Montgomery County Circuit Court Judge Margaret Schweitzer rejected a defense attorney’s argument that jurors had insufficient evidence to convict Daniel Beckwitt of second-degree murder and involuntary manslaughter.
Beckwitt, 28, is scheduled to be sentenced Monday for his April 24 conviction in the September 2017 death of 21-year-old Askia Khafra. He faces a maximum of 30 years in prison.
The fire erupted as Khafra was digging tunnels under Beckwitt’s Bethesda home, which was littered with piles of garbage.
During the trial, Montgomery County prosecutor Marybeth Ayres accused Beckwitt of recklessly endangering Khafra’s life and sacrificing safety for secrecy.
Defense attorney Robert Bonsib had told jurors the fire was an accident, not a crime.
During Thursday’s hearing, Bonsib argued that the facts of the case don’t support a second-degree murder conviction.
“It was pure speculation that the hoarding conditions were responsible for Mr. Khafra not to be able to get out of these premises,” he told the judge.
Ayres said Beckwitt knew of the dangerous conditions in his family’s home and failed in his duty to protect Khafra. Beckwitt lied to police and said the home had an emergency exit because he knew it should have had one.
“This wasn’t just a messy basement. This basement, this house, was a garbage dump with an impossible exit out in an emergency,” she said. “No person should have been in it.”
Schweitzer said a new trial for Beckwitt is not “in the interests of justice.” The judge said Beckwitt wasn’t excused from ensuring the conditions were safe in the home and tunnels because he and Khafra may have had “equal knowledge” of those conditions.
The judge also rejected defense lawyers’ arguments that prosecutors improperly used photographs of the extreme hoarding conditions in Beckwitt’s home and improperly influenced jurors by mentioning Beckwitt’s wealth and repeatedly displaying images of Khafra’s charred body.
Beckwitt did not testify at his trial, which lasted nearly two weeks. He immediately was taken into custody after the jury’s verdict.
Beckwitt went to elaborate lengths to keep the project a secret. Jurors heard that he tried to trick Khafra into thinking they were digging the tunnels in Virginia instead of Maryland by having him don “blackout glasses” before taking him on a long drive. They also were told Beckwitt also used internet “spoofing” to make it appear they were digging in Virginia.
Hours before the fire broke out in the basement, Khafra texted Beckwitt to warn him it smelled like smoke in the tunnels. Ayres said Beckwitt didn’t respond for more than six hours before telling Khafra that there had been a “major electrical failure.” Instead of getting Khafra out of the tunnels, Beckwitt told him that he “just switched it all over to another circuit,” according to the prosecutor.

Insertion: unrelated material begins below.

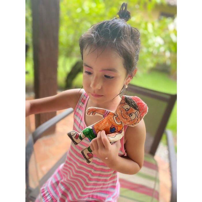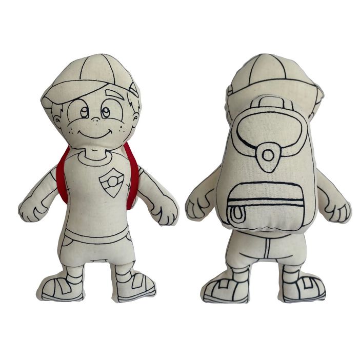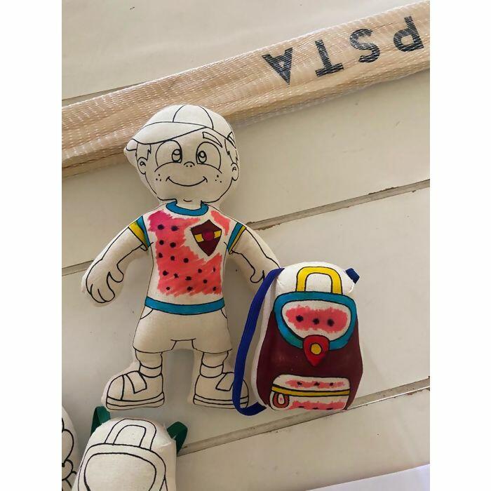 - O boneco, a mochilinha e a sacolinha sõo de algodão cru e podem ser lavados e pintados novamente (se a pintura usada for lavável).

Bonsib said Beckwitt screamed for help from neighbors after the fire broke out and risked his own safety in a failed attempt to rescue his friend from the blaze.
The fire erupted in the basement as Khafra was digging tunnels lower down under Beckwitt’s home. Firefighters found his naked, charred body in the basement, only a few steps from an exit.
Khafra met Beckwitt online. Beckwitt had invested money in a company Khafra was trying to launch as he helped Beckwitt dig the tunnels.
A hole in the concrete basement floor led to a shaft that dropped down 20 feet (6 meters) into tunnels that branched out roughly 200 feet (60 meters) in length. Investigators concluded the blaze was ignited by a defective electrical outlet in the basement.
Khafra worked in the tunnels for days at a time, eating and sleeping in there. They had lights, an air circulation system and a heater.